##### DATA EXTRACT

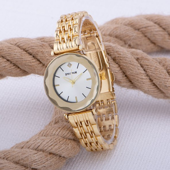 Yeni Sezon Gold Renk Çelik Kordonlu Taş Detaylı Bayan Kol Saati ST-303552
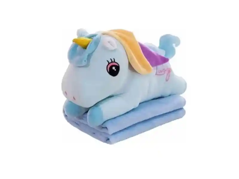 Manta suave y acogedora diseñada con la temática de unicornios, generalmente con colores suaves y decoraciones de unicornio como cuernos, orejas y crines.
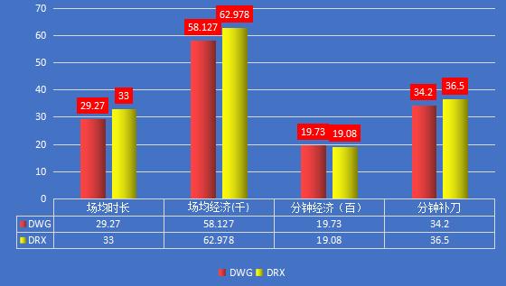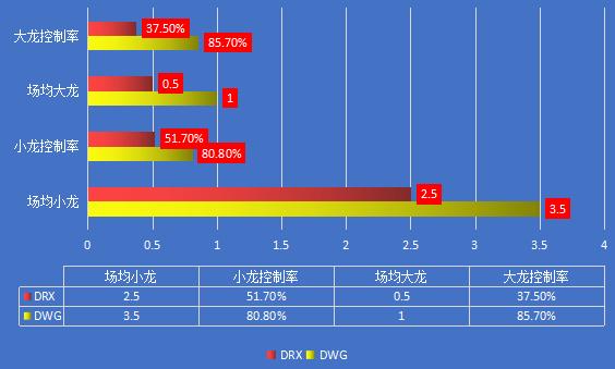 在场均小龙数上,DRX为2.5条,低于DWG的3.5条;在小龙控制率上,DRX同样以51.7%的控制率不及DWG的80.8%;在场均大龙数上,DRX为0.5条,低于DWG的1条;大龙控制率上DRX也是以37.5%的控制率不及DWG的85.7%。
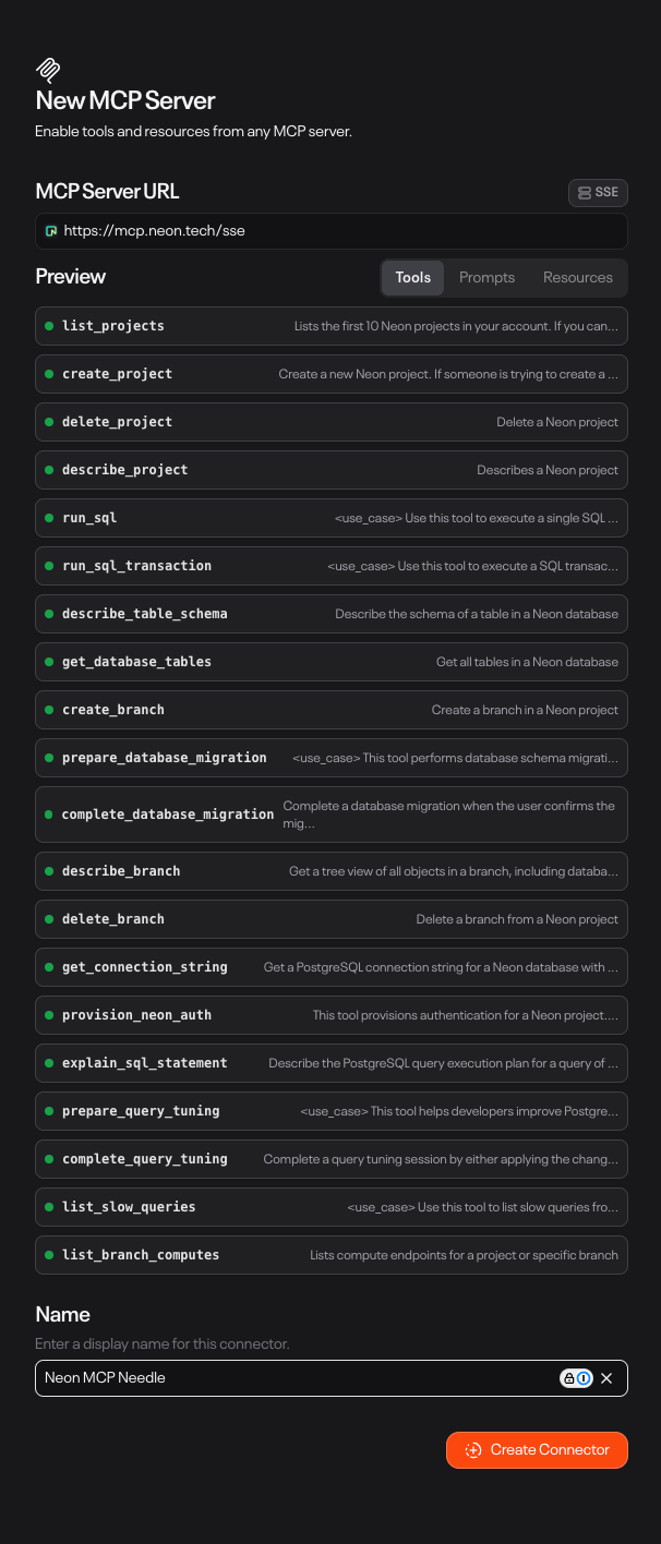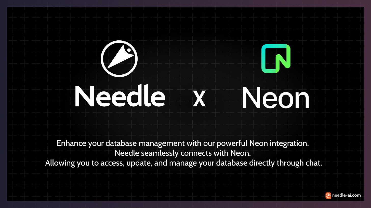 Solution: Needle + Neon Integration The integration provides a unified chat interface for comprehensive database management, enabling teams to execute SQL queries, manage database branches, and handle migrations through natural language commands.
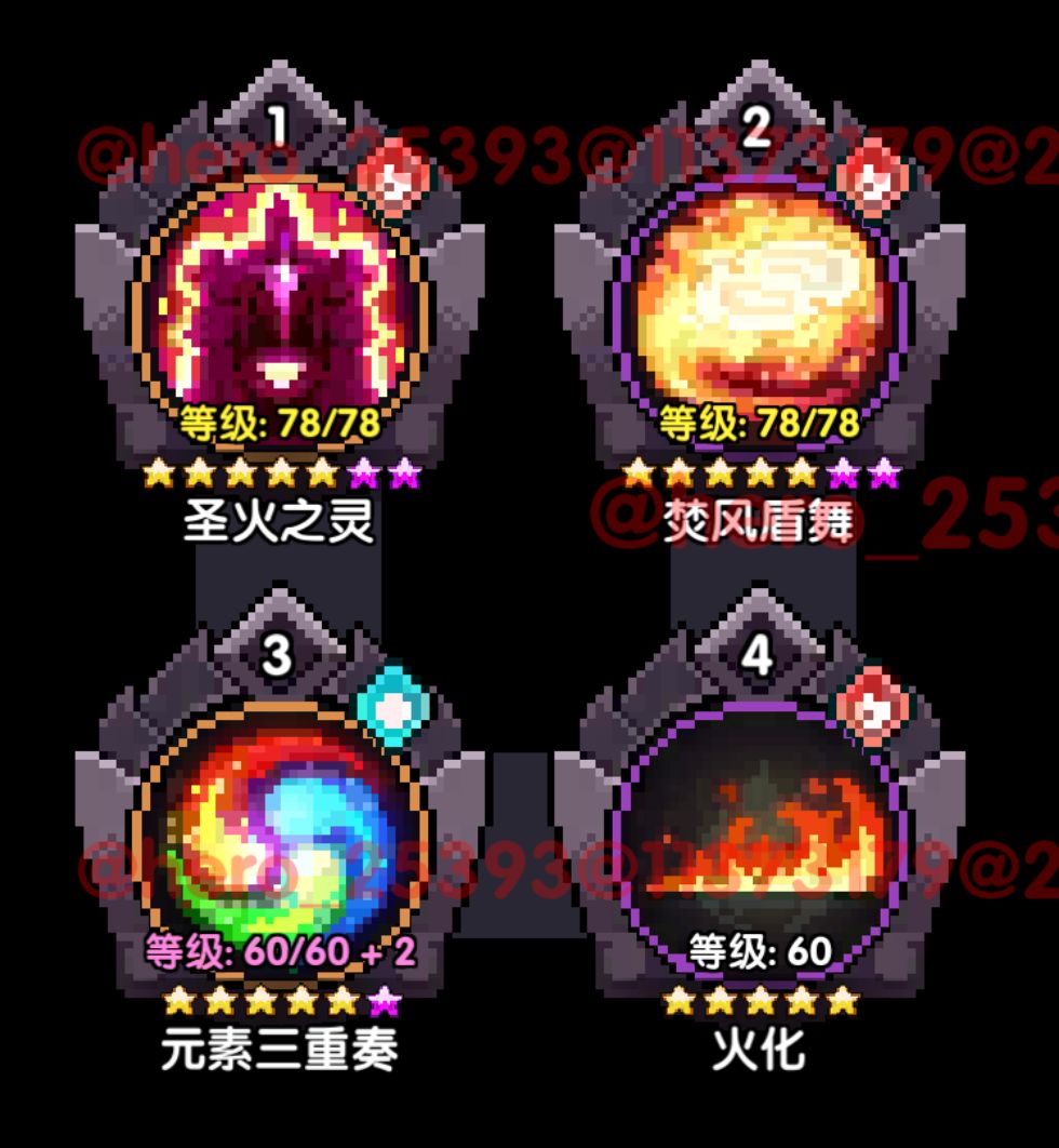 武器卡:传说勇者-术,偶像克罗,烈焰龙皇,主属性-爆伤

##########

» WHAT IS NEEDED
Each word of the data should be repeated exactly, and the pictures left out.

» YOUR RESPONSE
 Yeni Sezon Gold Renk Çelik Kordonlu Taş Detaylı Bayan Kol Saati ST-303552
 Manta suave y acogedora diseñada con la temática de unicornios, generalmente con colores suaves y decoraciones de unicornio como cuernos, orejas y crines.
 在场均小龙数上,DRX为2.5条,低于DWG的3.5条;在小龙控制率上,DRX同样以51.7%的控制率不及DWG的80.8%;在场均大龙数上,DRX为0.5条,低于DWG的1条;大龙控制率上DRX也是以37.5%的控制率不及DWG的85.7%。
 Solution: Needle + Neon Integration The integration provides a unified chat interface for comprehensive database management, enabling teams to execute SQL queries, manage database branches, and handle migrations through natural language commands.
 武器卡:传说勇者-术,偶像克罗,烈焰龙皇,主属性-爆伤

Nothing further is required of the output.